Love Your Husband




Happy Birthday Daniel! In honor of my sweet husband's birthday, I thought I would share a few ways that I love my husband. This is not a checklist to a perfect marriage because we certainly don't have one, and you will not be able to do all of these all the time.  Know that regardless of if you do any of these things yet, God is a healer and restorer. Wherever your marriage is, God can heal wounds and restore your relationship.

 

1. Pray For Him
I have noticed that when I'm not taking the time to pray for Daniel that I'm a lot quicker to judge his actions and intentions. Praying for your husband will grow your marriage deeper because the focus will no longer just be you two. If you haven't been praying for your husband, try out a book like 31 Prayers for Your Husband by Jennifer Smith.
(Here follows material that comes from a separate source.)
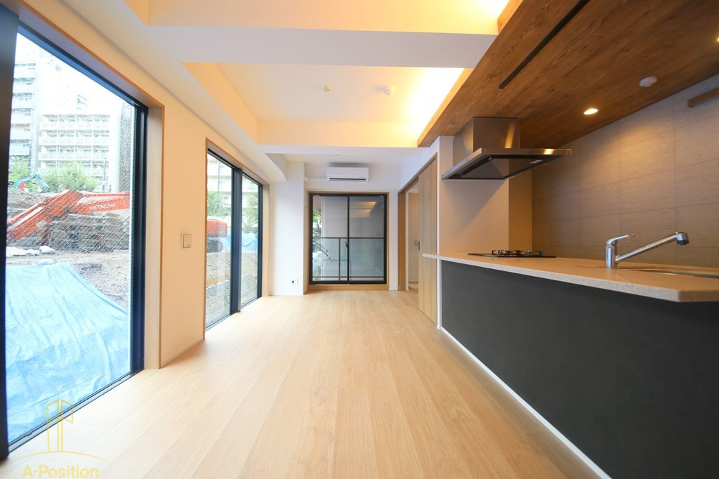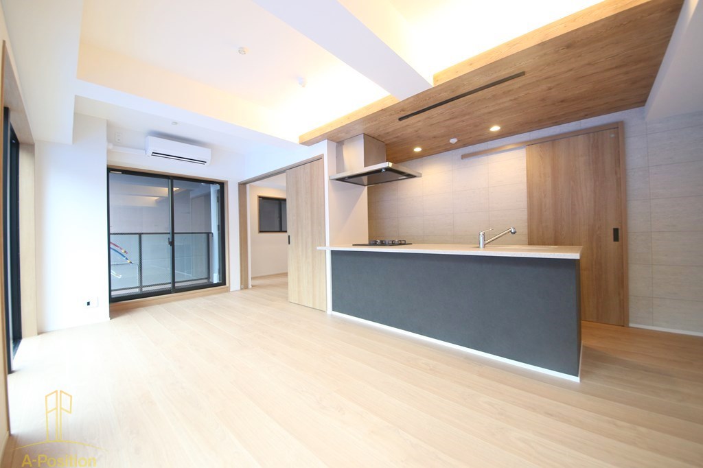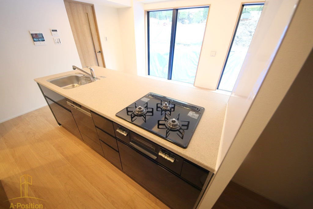 中央には大きなカウンター型のキッチンが配置され、手前には三口のガスコンロ、奥にはシンクが備え付けられています。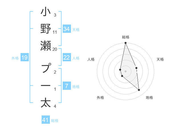 小野瀬 プー太さんの地格は7画の4点!

I used this to get an idea of what I should be praying for him. I focus a lot on praying for his career as a firefighter. That he is safe, that God is forming him to be a leader, and that he is building relationships from which he can share Christ with his coworkers. I also pray for his relationship with God. That God would grow him and prepare him to lead our family in whatever way He takes us.




2. Encourage Him
We all struggle with doubt. Doubt about ourselves and doubt about God's plan. Whenever your husband brings up his doubts or struggles, encourage him. Remind him what scripture says. Also, encourage him to feel comfortable bringing up those doubts with you. I guarantee your husband is struggling with something, he just may not have said anything about it. The enemy wants spouses to be disconnected, and not share their hearts with each other. He wants to tear apart relationships and marriages. Don't let him.




3. Affirm Him
As wives we have the ability to build up and affirm our husband, or to tear them down. To affirm him, you have to focus on what his strengths are. What is he good at? Is it woodworking, his job in sales, building relationships, understanding the Bible, or even doing yard work? Take every chance you get to affirm him, and tell him that he is appreciated and loved. I want to encourage my husbands growth, not contribute to a lack of confidence. 





4. Respect Him
Husbands deserve respect from their wives and children. God has given them authority over the family for reason. He is the leader, and as a leader he should be respected. That respect includes his decisions, opinions, abilities, and qualities. Decisions are the hardest to respect, especially if you disagree. It's possible to disagree and explain why you disagree while still respecting your husbands decision. Respect does not mean that you are a silent partner. Once your husband does make a decision, right or wrong, no good can come from nagging or complaining. God has called us to respect our husbands because it will make our marriages more glorifying to Him! 



God loves us and wants our marriages to be a reflection of that love. I still struggle to do all of these things, but I can easily tell the difference in our marriage between when I am and when I'm not. I pray that you find the strength and courage to begin praying, encouraging, affirming, and respecting your husband.